Sometime in the middle of February last year - while driving around Pine Flat Reservoir above Fresno, California I took a detour along Big Creek Road looking for a good place to find aquatic insects.
It had rained a good deal during the last couple of days and the stream was high. I found a number of small pools by the bank that had been left after the high water receded. I went looking for diving beetles. Instead, I found a number of California newts. They were out in force and paid me absolutely no attention at all.
In one pool there were four. I watched these for some time. They were a deep orange brown above with pale legs and eyelids. Underneath they were a bright orange. Their tails were flattened laterally for swimming and their eyes were white with a black band across the middle. They ranged in size from six to eight inches and practically skipped in slow motion along the bottom of the shallow pools.
The water was cool – almost cold. It was, after all, the end of winter and snow was still lining the banks not too far upstream. But this didn’t seem to bother the newts at all. I first thought they were out looking for food since the rain had stopped but I was soon proven wrong. They were out looking for mates and late winter after a rainstorm was an opportune time.
A bird will occasionally eat a California newt, but only once, before it dies from poisoning. Mallards, western grebes, great horned owls and the unwitting domestic fowl are all on record for having expired with a toxic newt in their gullets
The newts’ skin secretes the same non-protein toxin (known as tetrodotoxin) as the puffer fish of voodoo fame. For the hapless bird that measures its weight in ounces, the dose acquired from a single newt can be mortal in minutes. The garter snake, on the other hand, has developed immunity to the poison. It can eat a number of newts and only experience a bit of a buzz. Fortunately for the amphibians, forty degrees in February is not their favorite time to be out.
I had not been watching them more than a minute when one average-sized individual tentatively grabbed a larger one around the mid section and then paused to see how things would go. Apparently things didn’t go so well because both decided to part company rather abruptly. This was done by swinging their long tails back and forth to propel themselves in separate directions. It was obvious that when they wanted to move fast, they swam instead of walked.
In an adjacent pool (holding maybe five gallons of water) I discovered seven other newts. They didn’t seem to mind being in such close quarters except for one individual. He was curled up in a ball holding a female newt. A smaller newt was all tied up with them and it was hard to tell where one ended and another began.
As I watched more closely, I could tell that this was quite an event in the lives of these animals. Slowly the stronger male managed to move his long tail between his intended mate and the intruder and push him away. But this was only partially successful. His opponent had its front legs tightly wrapped around the tail of the female newt with its hands clasped together on the other side. It took a lot of shaking to get it off.

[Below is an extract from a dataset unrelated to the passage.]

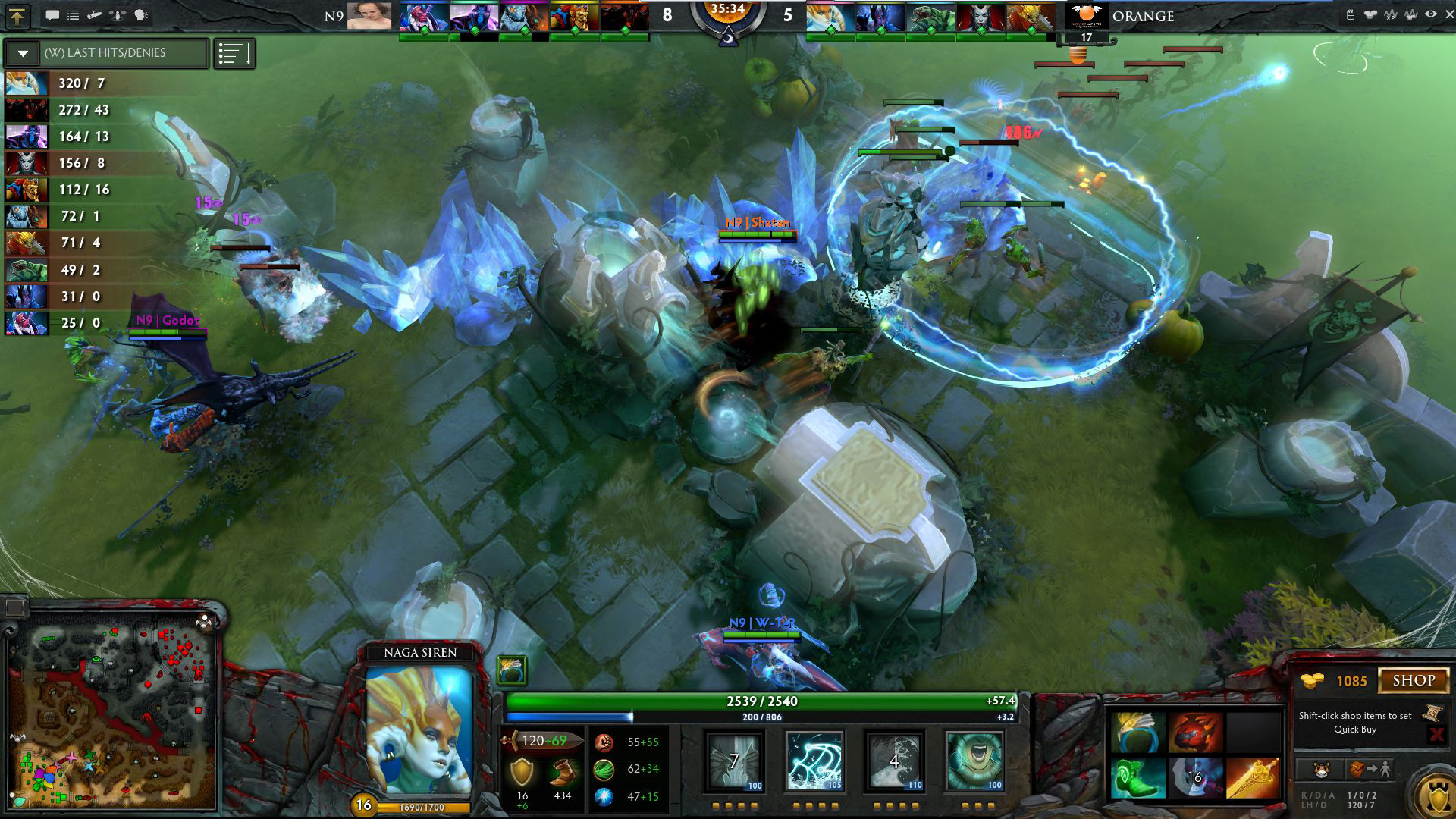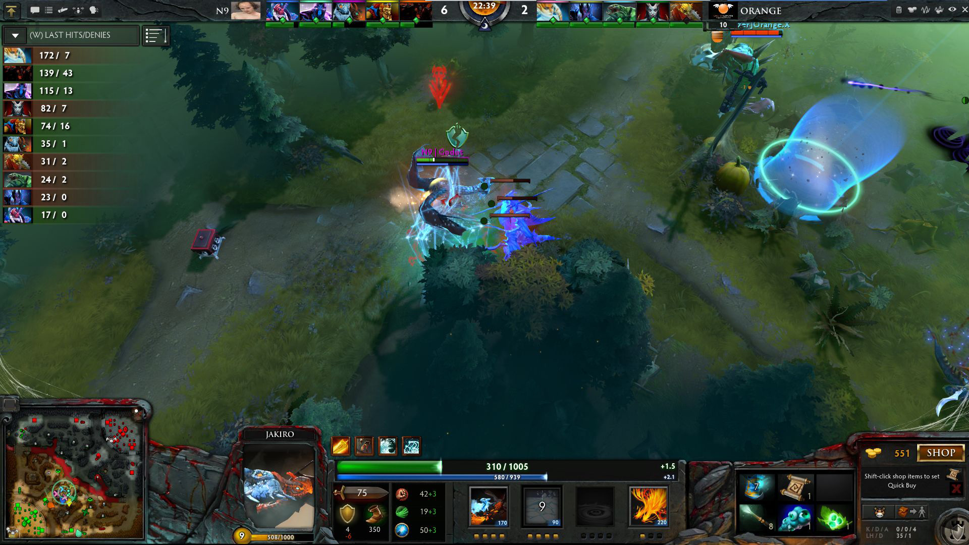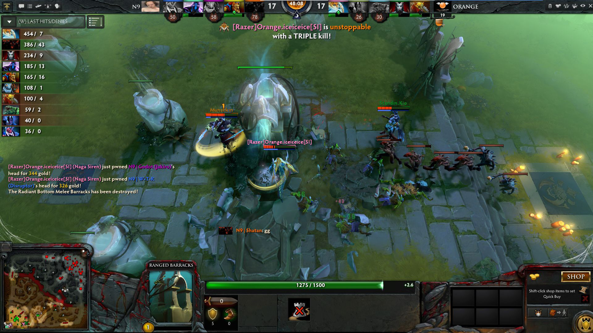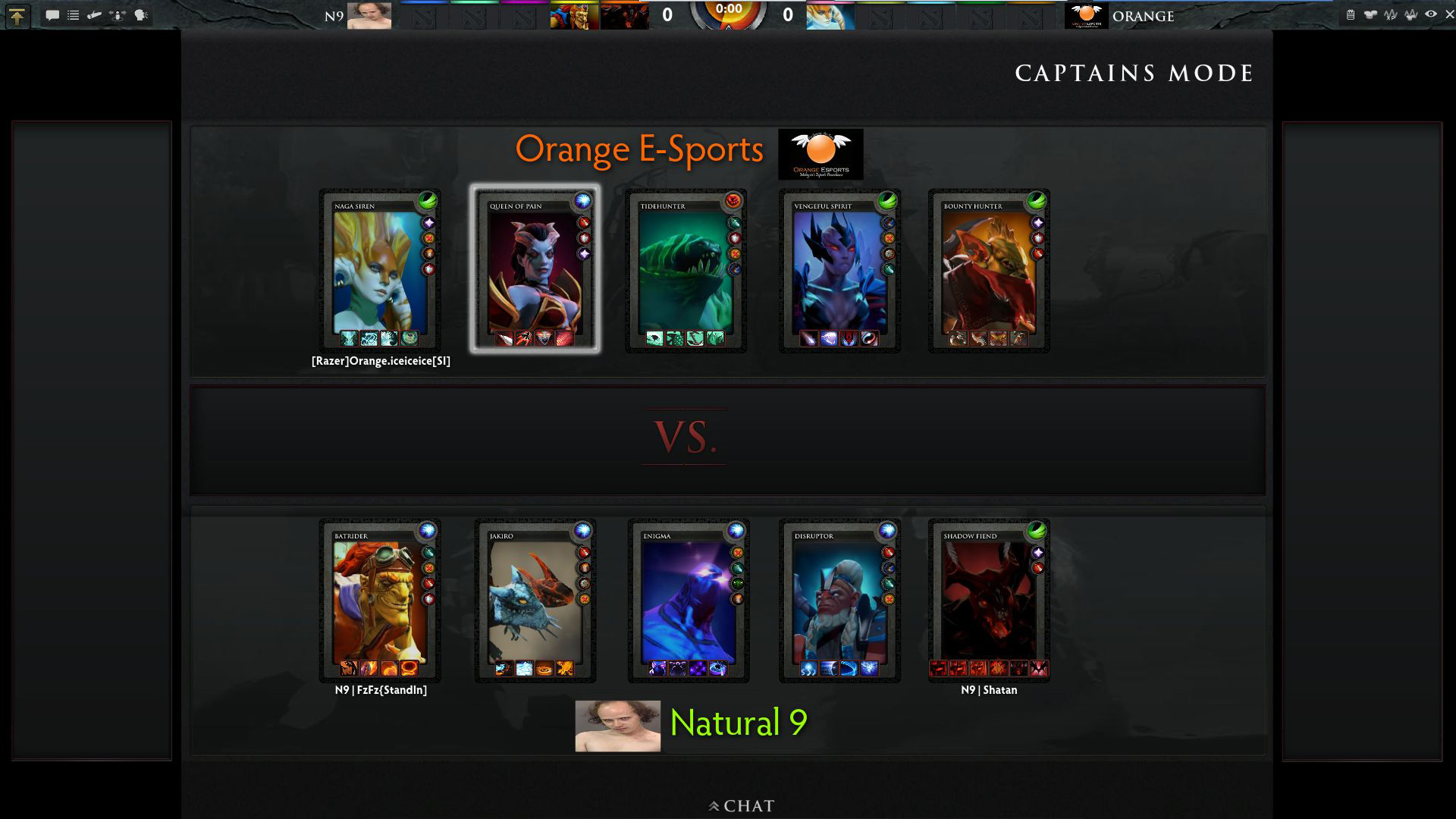 双方的节奏实在是慢到不行,N9本来玩的很浪,这场比赛因为对他们至关重要,突然变得稳重保守了,而橘子换了两个人后,由于配合差距太大,只好采用“外援自己玩儿去”的打法,让外援两个随意打酱油,等三冰刷到开心了才出山,比赛一直进行到7分钟的时候,外援女王终于被蝙蝠抓一次被拿了一血,解说都快要睡着了。虽然N9影魔的优势路发育非常好,补刀暂时第一,不过和昨天的***比起来差距就大了。10分钟,蝙蝠出到跳刀,N9金钱和经验略微领先。

When the strong male was finally alone with his mate, he quickly pulled her up to the surface and gulped down a mouthful of air. Such a struggle, no doubt, used up a lot of energy; at least it did for him. The female got no air at all. Nor did she need any. She was exerting no energy at all.
For over an hour as I watched, it seemed the male was constantly busy keeping the others away. They would wander around the pool and then poke their nose against the pair. This usually was left uncontested by the mating male. But then the intruder would become more nosey and push itself with more assertiveness. Sometimes it would even walk right on top of the other two. At this point the male would slap the other with its tail and try to swim away, with his mate en tow, almost always rising to the surface for a gulp of air.
Once in a while a surge of water would splash over the rocky bank from the stream and agitate the pool. When this happened the salamander would just yield themselves to the current and slowly drift to the bottom of the pool. Occasionally an individual would float past in the main current of the stream, seeming to enjoy the ride. At other times when only a small current of water was entering the pool, the others would swim against the current just for pleasure – or so it seemed. They didn’t seem at all bothered by the cold or by the large primate observer that was only a few feet away. Even when the occasional wanderer would leave the water right in front of me, they didn’t seem to care that I was there.
It was surprising though that they didn’t seem at all interested in eating. Even the ones that weren’t mating paid no attention to the occasional mayfly naiad as it undulated through the water right in front of them. It seemed that this was supposed to be a time for other things and not for grub.
Solomon wrote, “There is a season, and a time for every purpose under the heaven… a time to embrace, and a time to refrain from embracing" (Ecclesiastes 3:1,5). For these newts on a cool winter day in California it was a time for embracing.